Wilhelm and her husband, Damon Knight, were the anchor team for those final two weeks for the best part of three of the four decades for which Clarion has been existence. And so Storyteller explains how the workshop started, how it struggled, how the two of them got involved, and what they taught, enlivened by anecdotes. At the risk of alienating a fairly large chunk of the people reading this, I’ve always been a little sceptical about the cult of the storyteller--Writers are special flowers and writing is a mystical, magical process!--that workshops seem to encourage.
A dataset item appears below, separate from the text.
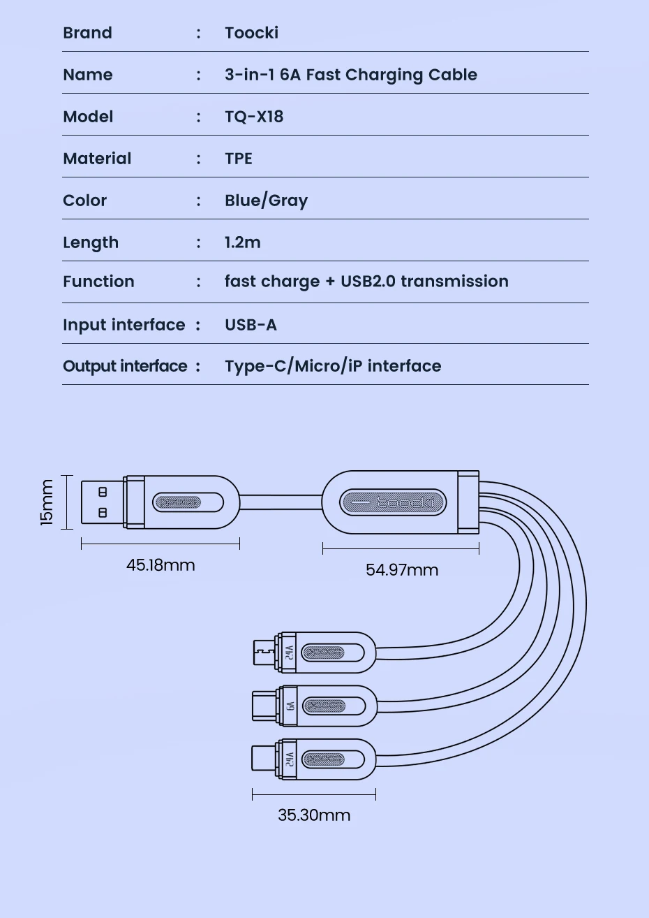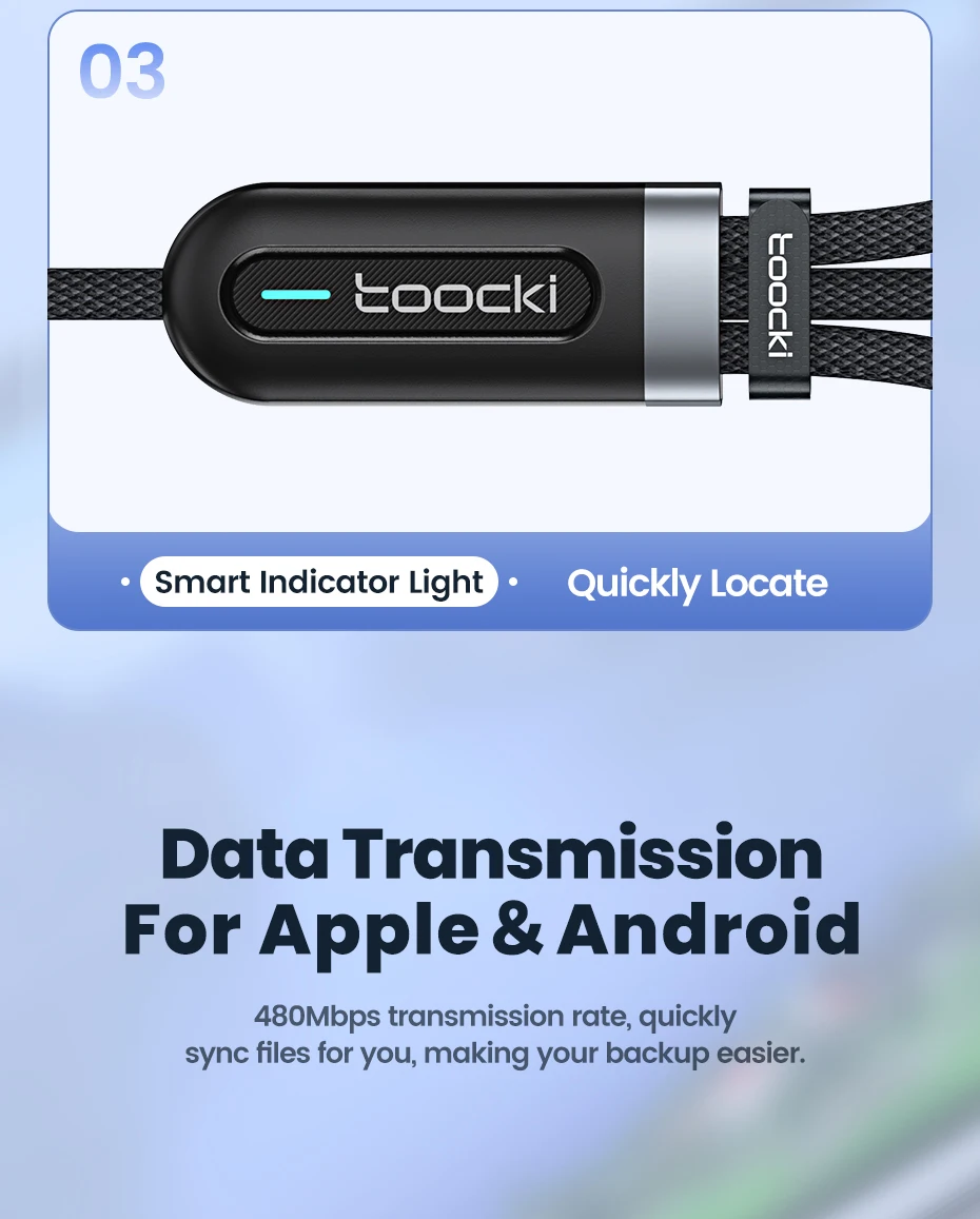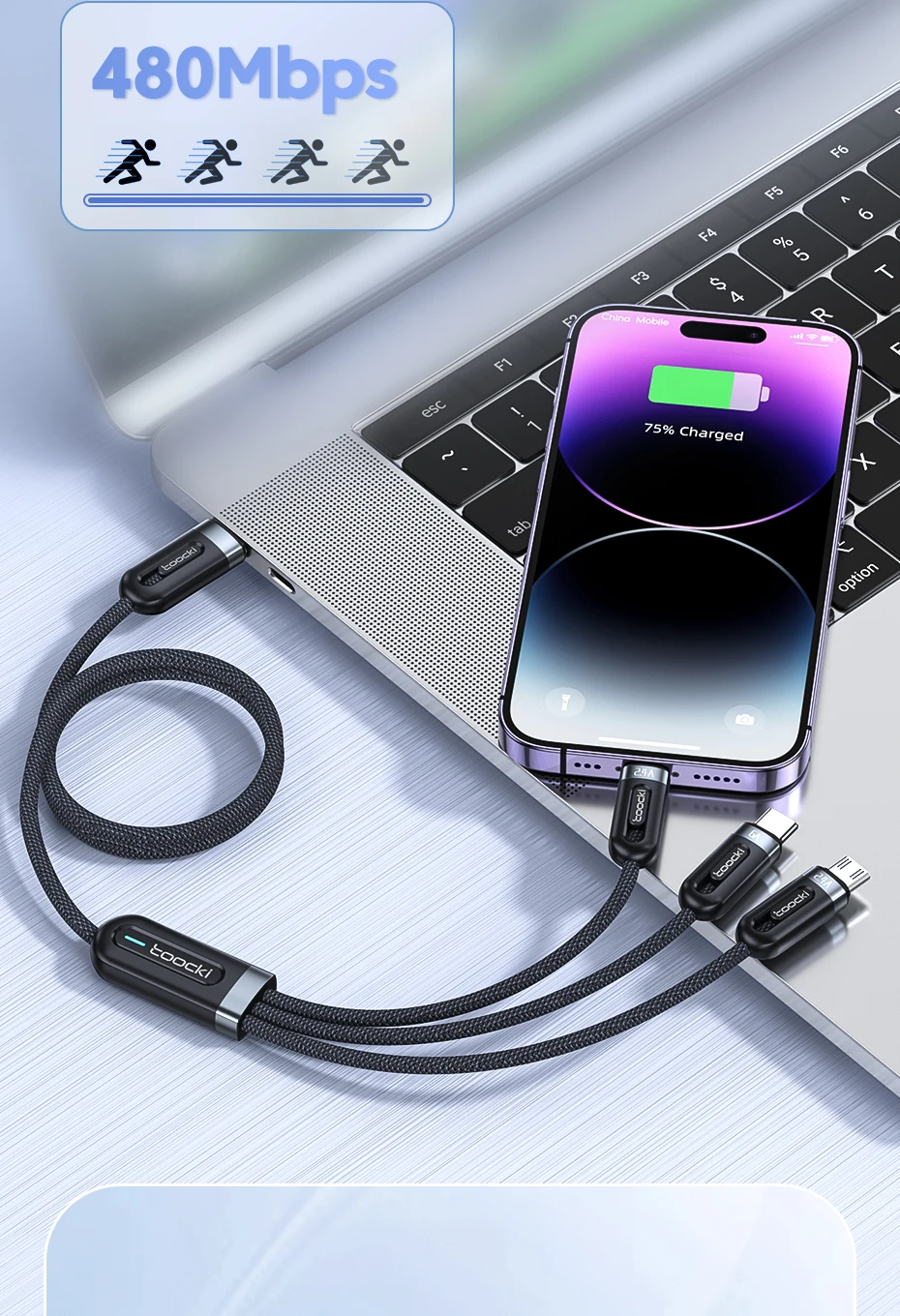 Comprar Toocki 66W 3 in 1 USB Cable For iPhone 14 13 12 Pro Max 6A USB Micro Wire Type C Cable For Huawei Samsung Xiaomi Poco Data Cord
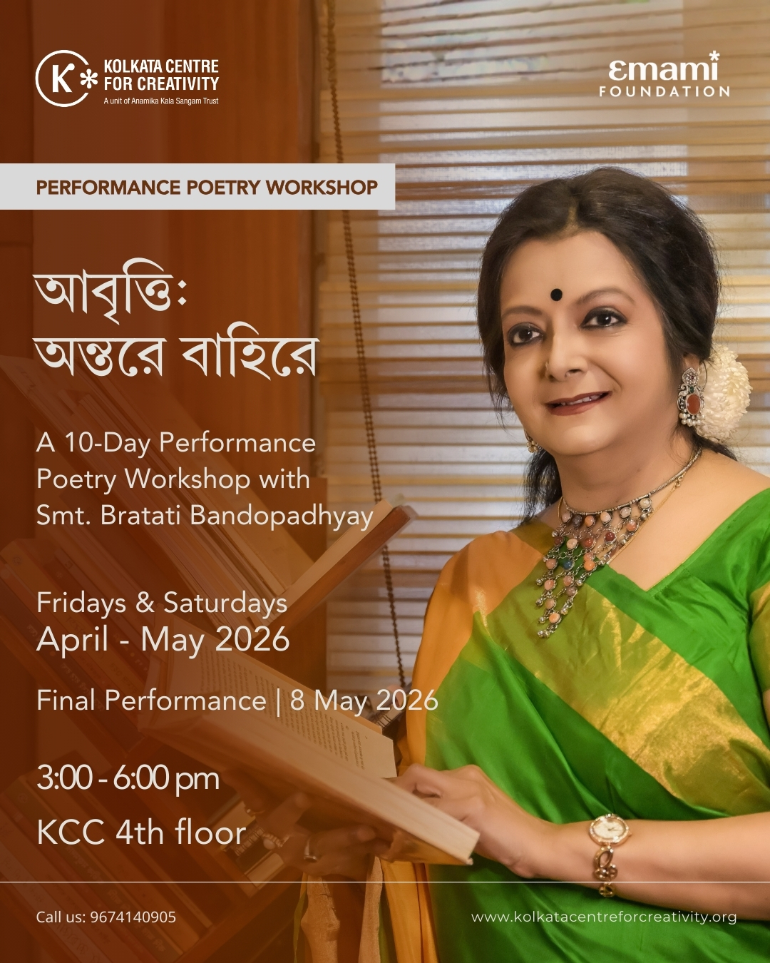 Kolkata Centre for Creativity presents a 10-day Performance Poetry Workshop, আবৃত্তি: অন্তরে বাহিরে with acclaimed artist Smt. Bratati Bandopadhyay. Across weekends in April and May, participants will explore the nuances of Bangla recitation, including voice modulation, tone, rhythm, and emotional expression.

Too, the whole enterprise feels semi-mythological; there have been other incarnations (Clarion West; Clarion South, in Australia) but to date, no European spinoff has been successful, so the stories that filter out have a faraway feel to them. On the other hand, perhaps there’s an element of jealousy--if not specifically for the writing aspect, for the element of community that seems to go with it, and the implausibility of ever being able to take that much time off work in one go (or of being able to find sufficient money to make it feasible). But Clarion doesn't seem to be particularly a bastion of privilege, so it must be possible to go if you’re prepared to give up enough. (When they do something similar for critics, you know I'll be there.)
If I wanted to criticise, I could point to the strange sense of cosiness that permeates the book. Few of the anecdotes have names attached; they just happened to nameless students, adding to the general air of clubbiness (insiders, of course, will know who she’s talking about … right?). But you can see why Wilhelm does it--naming names would make the bluntness of the lessons sting that much harder, possibly even seem vindictive, and since the other main element of the book is too dispense writerly wisdom, it would be a counterproductive thing to do.
With the wisdom comes the other easy criticism: that Clarion teaches conformity; that it teaches how to produce saleable fiction, not art; that it’s responsible for too much mediocrity in the short fiction market. Of course that’s a false criticism too, because art can’t be taught, because editors will buy what they will. And moreover (as Wilhelm and Knight
realised early on) some things about fiction surely can be taught. What Clarion really teaches, perhaps, is how to break into the market; how to display the basic competence that will earn the trust that allows a writer to experiment. And while it’s easy (as a layman) to quibble with some of the advice, to debate whether stories really have to follow all the rules, some of the other injunctions are beautifully acute. Some are specific to science fiction; most are surely generally applicable. My favourite observation is the definition of style: ‘how each writer solves individual problems of translating nonverbal material into verbal material’.
Most importantly, what is impossible to deny is that Clarion works. And in the end, the book works too. It gets under all my defenses. It’s a slice of history, a picture of the community, a piece of the conversation. And more than that, it engenders respect: for Wilhelm’s perceptiveness, and her compassion, but most of all her commitment to honesty. There is excessive candour in these pages, from years before John Clute formalised the sentiment. Somewhere (I didn’t note the page, for once; I was too engrossed in the reading, which should tell you something in itself) Wilhelm observes that anecdotes don’t make a story. Her own book just about proves that that rule is no more set in stone than any of the others.